Drazen Dalipagic, el francotirador
Su mecánica de tiro era elegante y fluida, y viéndole sacar la pelota desde tan arriba, entendías la dificultad que entrañaba su marcaje
Me alcanza la noticia del fallecimiento de Drazen Dalipagic y el primer recuerdo que viene a mi cabeza tiene lugar en el pabellón de la ciudad deportiva del Real Madrid. Habíamos terminado el entrenamiento y, por rutina o porque la práctica le había sabido a poco, el yugoslavo se queda un rato más lanzando a canasta, sobre todo desde su lugar favorito: la esquina izquierda del ataque. Antes de irme hacia el vestuario, me quedo observándole, todo un privilegio tratándose de uno de los mejores tiradores de la historia del baloncesto. Los lanzamientos se repetían con asombrosa similitud. Su mecánica de tiro era elegante, fluida, sin ninguna sospecha de esfuerzo. Viéndole con su altura sacando la pelota desde tan arriba, entendías la dificultad que entrañaba su marcaje, entre difícil e imposible. La cara, como siempre hierática, de hombre serio con bigote. Y lo más importante, su acierto, fuera del alcance de la mayoría. Me dije a mí mismo que en cuanto fallase un tiro me iba a duchar. Me quedé frío esperando.
Seguramente habrá habido gente que se haya sorprendido de que Dalipagic sea un exjugador del Madrid. No es de extrañar, pues su paso dejó poco rastro. Llegó avalado por su tremendo historial, donde acumulaba medallas en Europeos, Mundiales y Juegos Olímpicos, y también por Mirza Delibasic, compañero en la selección yugoslava y al que seguro que Lolo Sainz le pidió opinión. Parecía un buen movimiento de cara al gran objetivo de volver a ganar la Copa de Europa. Pero la cosa no funcionó. En lo deportivo no se cumplieron las metas colectivas ni individuales, seguramente lastrados por la norma que sólo permitía un extranjero en la competición nacional. Esto significaba pocos partidos a disputar y quedarte fuera de la dinámica colectiva cada fin de semana. Tampoco en lo emocional su huella fue profunda, ni mucho menos. Como las comparaciones las carga el diablo, es también probable que le perjudicase el carisma de Mirza Delibasic, llegado a Madrid una temporada antes y que nos tenía enamorados a todos, compañeros, rivales y aficionados.

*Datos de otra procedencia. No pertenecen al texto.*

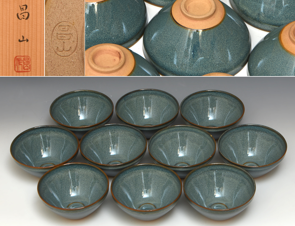 > 原平窯 昌山(造)禾天目数茶碗 10客揃 共箱 京焼 茶道具 組茶碗 陶磁器 u1038o
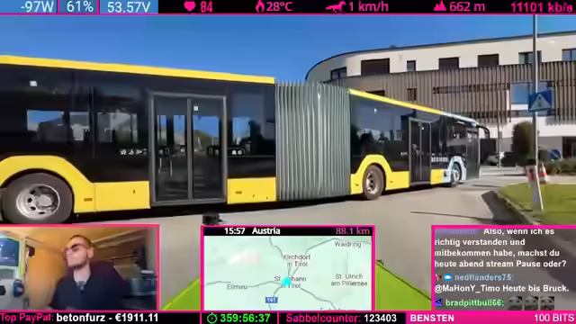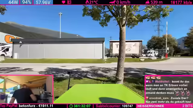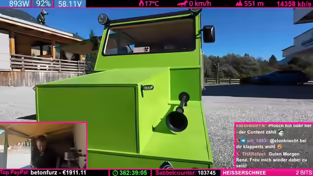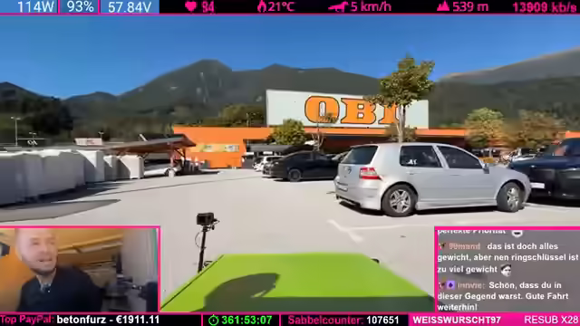 00:09:34Es gab anfängliche Verwirrung bezüglich der Fahrtrichtung in Bezug auf den Flughafen Innsbruck. Ein bereitgestellter Link führte möglicherweise zu einer falschen Position, da der Streamer bereits durch Innsbruck gefahren war, während der Link in die entgegengesetzte Richtung wies. Es wird die Notwendigkeit betont, eine Ladestation zu finden, idealerweise in der Nähe eines Obi-Baumarkts, um auch Werkzeug für Reparaturen am Kettenantrieb zu besorgen. Ein Zuschauer schlug eine Ladestation bei McDonalds vor, aber diese Option wurde als weniger ideal angesehen. Es wird die Hoffnung geäußert, dass der Strom bis zum Obi reicht. Ein anderer Zuschauer schlägt eine alternative Ladesäule in zwölf Kilometern Entfernung vor, die aber nur in Betracht gezogen wird, wenn sie ruhiger gelegen ist. Es wird die Vorliebe für ruhige Orte zum Frühstücken und Streamen betont. Die Reichweite zum Obi wird als machbar eingeschätzt, und es wird die Möglichkeit erwähnt, bei Bedarf umzusteuern. Starlink wird vorerst ausgeschaltet gelassen, da sich der Streamer in einem dicht besiedelten Gebiet befindet.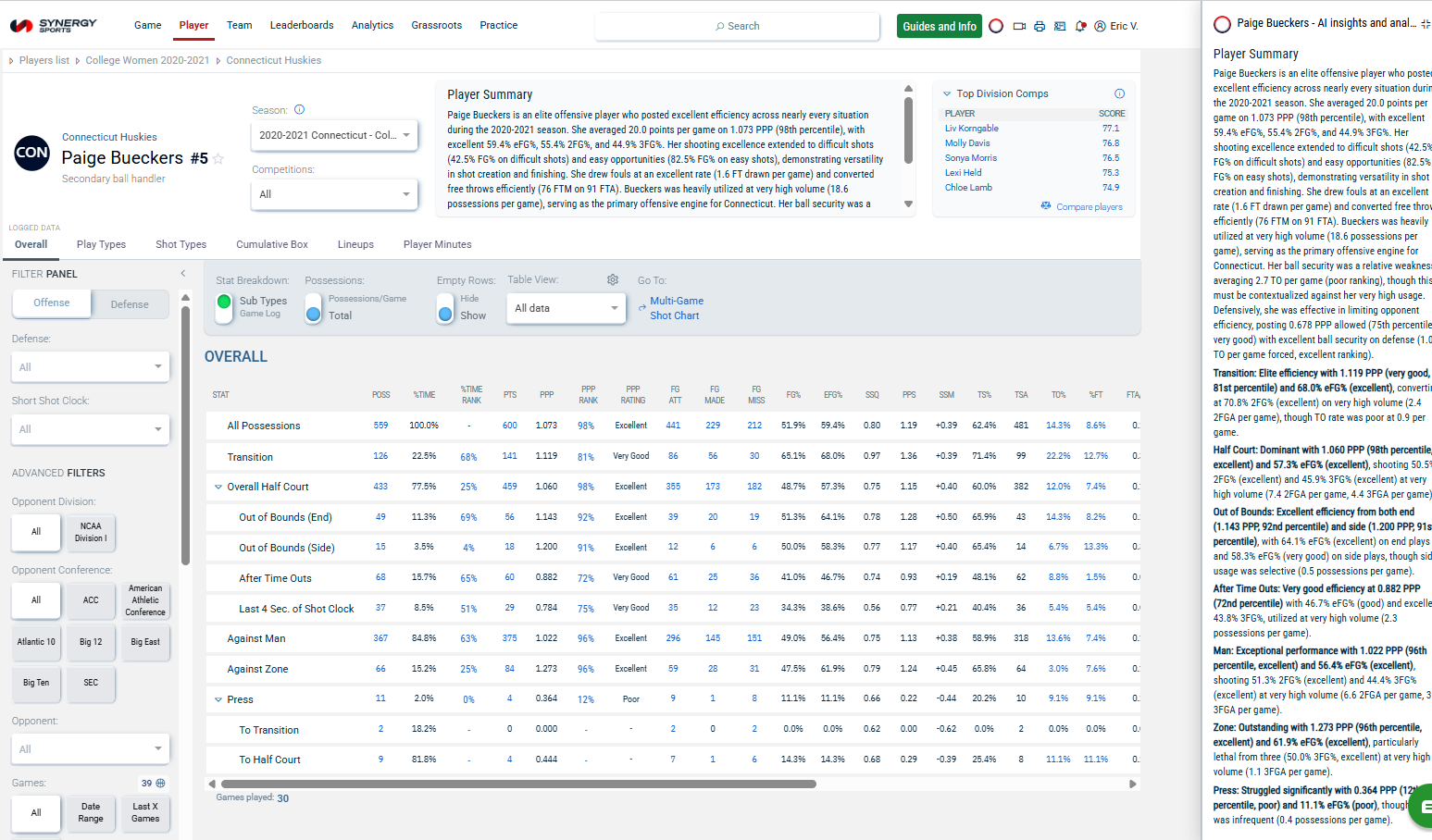 AI Player Summary on Player page for Division 1 College. This will eventually be opened up for all leagues/divisions.
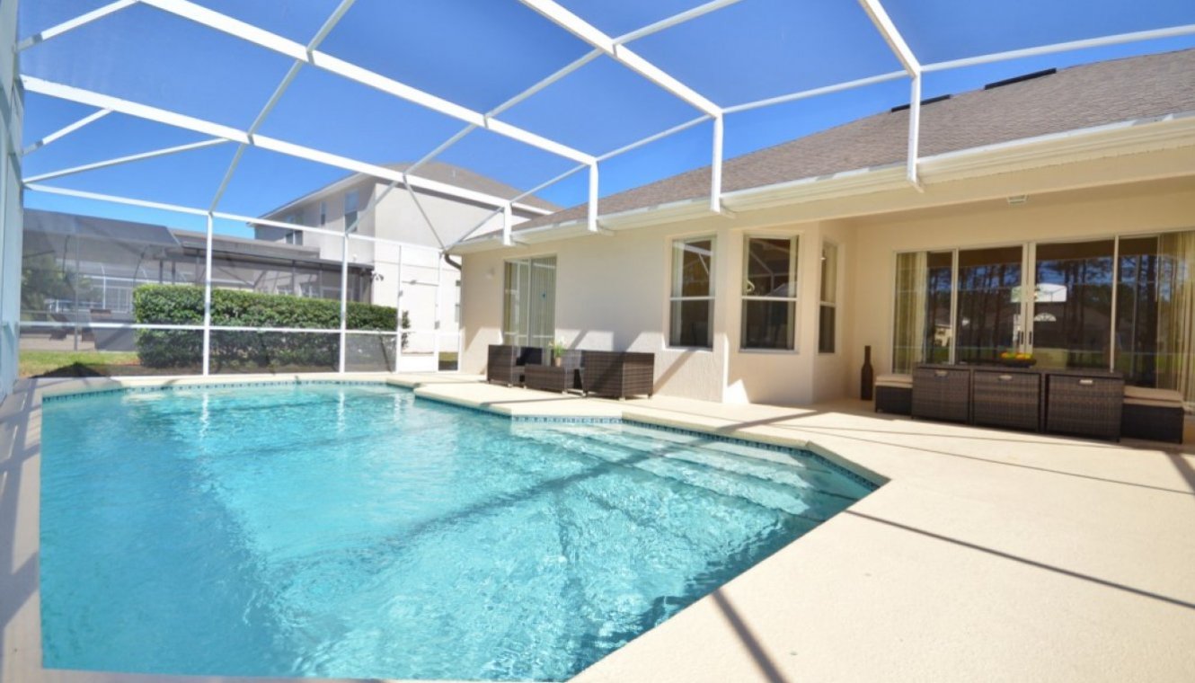 This very spacious 5 Bedroom 3 bath Villa is ideal for 2 families or large groups sharing. This attractively furnished & well-equipped villa has a cosy living room to the front of the house as you enter the main door. The entrance leads into the large open plan family room, dining nook and kitchen. There's also a games room and TV's in all the bedrooms.The extra large enclosed pool deck with private 32ft pool and conservation woodland views is the perfect place to relax and enjoy the endless sunshine. Other conveniences include free Wi-Fi Internet access, optional pool heat (where available), and in-unit laundry facilities.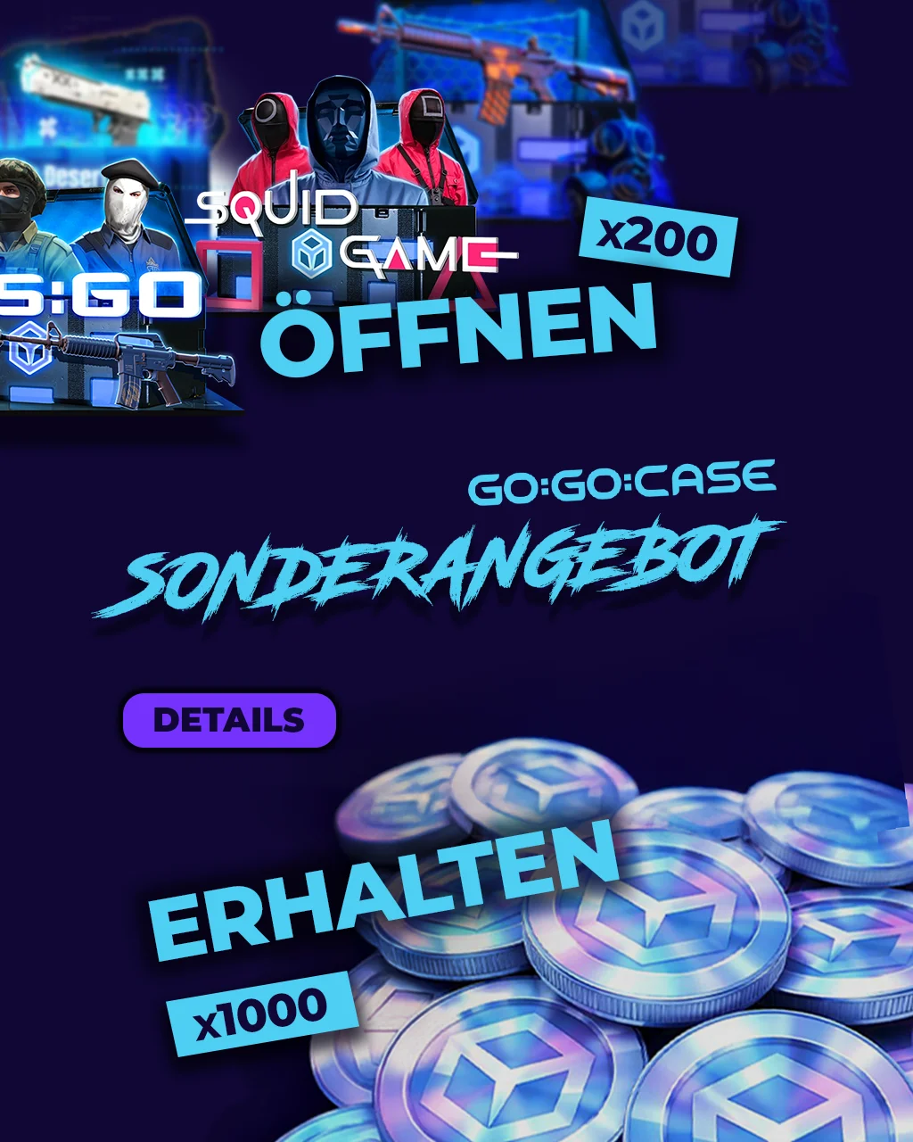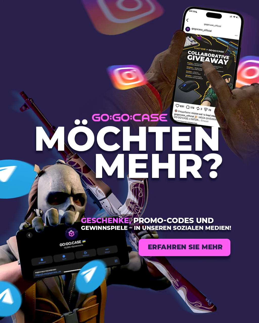 Weitere Bonusse finden Sie in den sozialen Medien von GO:GO:CASE

Delibasic y Dalipagic eran dos talentos superlativos que, como diría mi madre, no se parecían ni en lo blanco de los ojos. Mirza era un artista, jugaba con frac, parecía flotar en la pista, atraía el foco, contentaba a todos en forma y fondo. Se hacía querer. Dalipagic era otra cosa, casi lo contrario. Siempre serio, parecía que ni sufría ni disfrutaba en la pista, donde no hacía concesión alguna a nada que no fuese buscarse un lugar donde poder recibir el balón en buenas condiciones para atacar la canasta. Del resto se encargaba su prodigiosa muñeca. Delibasic jugaba al mus a los tres meses de llegar, ejemplo de meteórico proceso de integración. Dalipagic siempre pareció un recién llegado, profesionalmente respetuoso al máximo con sus compañeros, pero sin dejar de ser un elemento extraño que con la misma discreción que vino se marchó unos pocos meses después.
Este tropiezo no dejó de ser una excepción en su rutilante carrera, que duró unos cuantos años más, tanto en clubs italianos como en la selección. Por cierto, estuvo muy cerca de hacernos una faena en la semifinal de los Juegos Olímpicos de Los Ángeles. En pleno relevo generacional y con otro Drazen (Petrovic) a punto de explotar como jugador, Dalipagic llevaba el mando. Como reza el manual del buen líder, tuvo una puesta en escena espectacular que no pudimos parar. El calvario duró hasta que Díaz Miguel ordenó una bendita zona que terminó ofuscando a los yugoslavos, mientras Matraco Margall las enchufaba que daba gusto.
Una de las muchas formas que existen para clasificar a los jugadores es la que los divide en creadores y ejecutores. Dalipagic era un ejecutor de manual, un francotirador, anotador incansable, máquina de acumular registros. De cerca o de lejos, con bote y sin él, cualquier posición en el ataque le venía bien para encontrar el hueco suficiente para lograr su objetivo. No entendía de nervios, de finales de partido, de marcajes pegajosos. Los sentimientos son un engorro para los francotiradores. Ellos cargan, apuntan y anotan. Sin más. Lo que hizo Dalipagic durante toda su carrera.